[00:00.00]Professor: OK, Paul asked if I could talk a little bit about the project that I have been working on, on and off for the last few years. And yes, I'd love to. [00:13.60]We are working in a remote part of the state of Utah in a place called Range Creek Canyon. [00:18.90]Around a thousand years ago, Range Creek Canyon was the site of a large native American community. [00:25.13]A group known today is the Fremont people, spelled F R E M O N T. [00:30.28]The number of archaeological sites and the state of preservation of the site is amazing. [00:38.20]In the first year, we worked there in one week, we recorded 77 undisturbed sites, that's phenomenal. [00:47.98]I've worked in archaeology pretty much all my adult life. [00:52.02]And I've only seen half a dozen sites that I knew were absolutely undisturbed, but in Range Creek Canyon, there are hundreds.
[01:01.10]Student: Like what kind of stuff that you’ve found there?
[01:04.41]Professor: Oh, houses, granaries, rock art, digging stick, ropes, stone blades, arrows and arrow heads, lots of pottery. [01:15.30]What looks like personal jewelry, and we have only surveyed maybe 5-10% of the area. It's mind-boggling.
[01:23.53]Student: Are these sites that we could visit, if we were out in the area?.
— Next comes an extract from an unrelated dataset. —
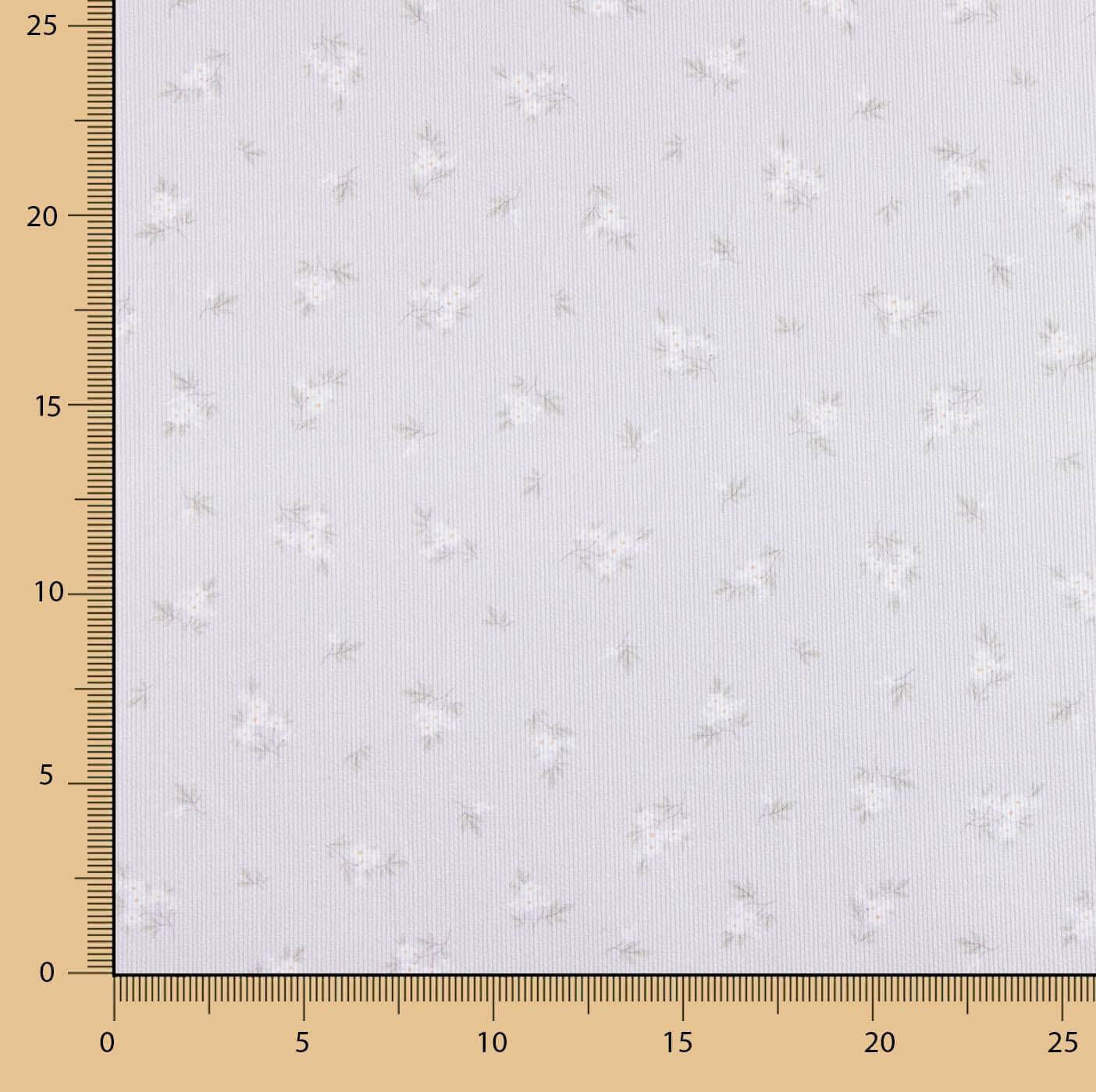 Tela de piqué 100% algodón con delicado estampado de mini ramitas en tono gris sobre fondo blanco.

[01:26.66]Professor: Actually, it is now possible for the public to visit Range Creek, and that's well, I mean you’ve all learned a great deal about archaeology and are pretty serious about it. [01:38.87]But the general public, let's just say a lot of us in the field, aren’t so crazy about the idea.
[01:46.48]Student: I can imagine, so this is pretty recent thing?
[01:49.74]Professor: Yes, because the location is so remote, the sites weren’t discovered until the 1940s, then after they were discovered, the family that owned the land, kept very strict control over the sites, and who could visit them, and what they could do there and so on, but then 2002, the family sold that land to the government, and so now the public has much greater access to it.
[02:14.12]Student: Maybe too much access.
[02:15.65]Professor: Right and you know there are lots of sites you have to excavate really quickly because some construction companies anxious to get in there with heavy equipment, but that's not the case with Range Creek. [02:28.73]If I had my way, we wouldn't touch most of those sites till least 20 or 30 years from now. [02:34.53]When I expect we will have technologies we can’t even imagine yet. [02:38.04]It won't matter though, what high-tech methods we might develop if the government can't keep the sites protected, so that's a major concern right now.
[02:47.00]Student: So are there like any great mysteries there, you know, like with the Mayans, central America.
[02:54.47]Professor: Yes, there are. For instance, the Fremont built some of their houses in really inconvenient places, like on rock pinnacles or on the edges of cliffs, really dangerous places to live. [03:08.55]Not a great place to raise children. [03:11.02]Plus you're thousand feet above your water and your fields and, and, and they put their granaries, where they stored their corn in virtually inaccessible places, high on the sides of canyon walls. [03:22.94]You could imagine the amount of work that it took to construct them. [03:26.48]All the stone, all the mud there made of, had to be carried up to those high locations to build them. And corn was the most important crop.
[03:35.64]Student: Maybe they were afraid some other group was going to attack them, or maybe it could’ve something to do with their religion. [03:42.51]You know, like feeling, they were close to their gods up there.
[03:45.86]Professor: Well, those are actually two current theories and I think probably was defense that was their top priority. [03:53.08]If that’s true, then the question really is, who or what, was it that made them feel so insecure. [04:00.22]Then, there is another mystery, around thirteen hundred AD, there is a major change. [04:07.14]For some reason they stopped building substantial structures. They stopped making fine pottery. [04:12.58]There was a change in their basket making and it looks like a pretty firm break. [04:18.37]So, the other people came in and forced the Fremont out or did farming become difficult, so people returned to hunting and gathering or...
[04:27.07]Student: Wasn’t thirteen hundred AD, like, didn’t something mysterious happen to other native American peoples that time too.
[04:34.58]Professor: Ah, so you’re really into the mysteries, yes, thirteen hundred AD, it's one of the biggest questions in American archaeology, you had widespread sudden change, you had societies collapsing, and that's one reason, the Range Creek sites were so promising, we might finally be able to figure out what happened, gain some insight into a number of native American societies.